In this section, we introduce the proposed CXR images denoising network MPR-CNN in detail, containing MNEB, ECSA, and AMFF. The ECSA module is designed to make the network focus more on texture details in CXR images and reduce the parameters by 1D convolution instead of full connection layer. The AMFF module based on attention, rather than simple concatenation or summation for feature fusion, is utilized to improve the expression of the network.

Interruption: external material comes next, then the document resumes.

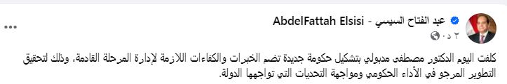 وأضاف الرئيس السيسي عبر صفحته الشخصية: “وذلك لتحقيق التطوير المرجو في الأداء الحكومي ومواجهة التحديات التي تواجهها الدولة”.

The MNEB is utilized for fusing information from high and low resolution features, which is included the ECSA and the AMFF. Also, the whole network uses residual blocks to reduce the difficulty of network learning. Further, the SSIML1 loss and the cosine annealing strategy [61] are set to train our MPR-CNN. We will describe these methods in later subsections.

3.1 Network architecture

The network architecture of the proposed MPR-CNN consisted of ECSA, AMFF, and MNEB is shown in Fig. 1. Here, “DS” and “US” stand for downsampling and upsampling, respectively. First, the MPR-CNN applies a convolutional layer with the filter size of 1 × 3 × 3 × 48 to extract low-level features from the input X (noisy CXR images). Then, the feature maps pass through several layers of MNEB modules that will describe in Sect. 3.2. The MNEB is the fundamental building block of MPR-CNN. Next, we use a convolutional layer with filter size of 48 × 3 × 3 × 1 again to obtain the desired residual image R(X). At last, we can subtract R(X) from X to get the output (denoised CXR images).

Fig. 1
figure 1

Network architecture of the proposed MPR-CNN

3.2 Multi-resolution noise extraction block (MNEB)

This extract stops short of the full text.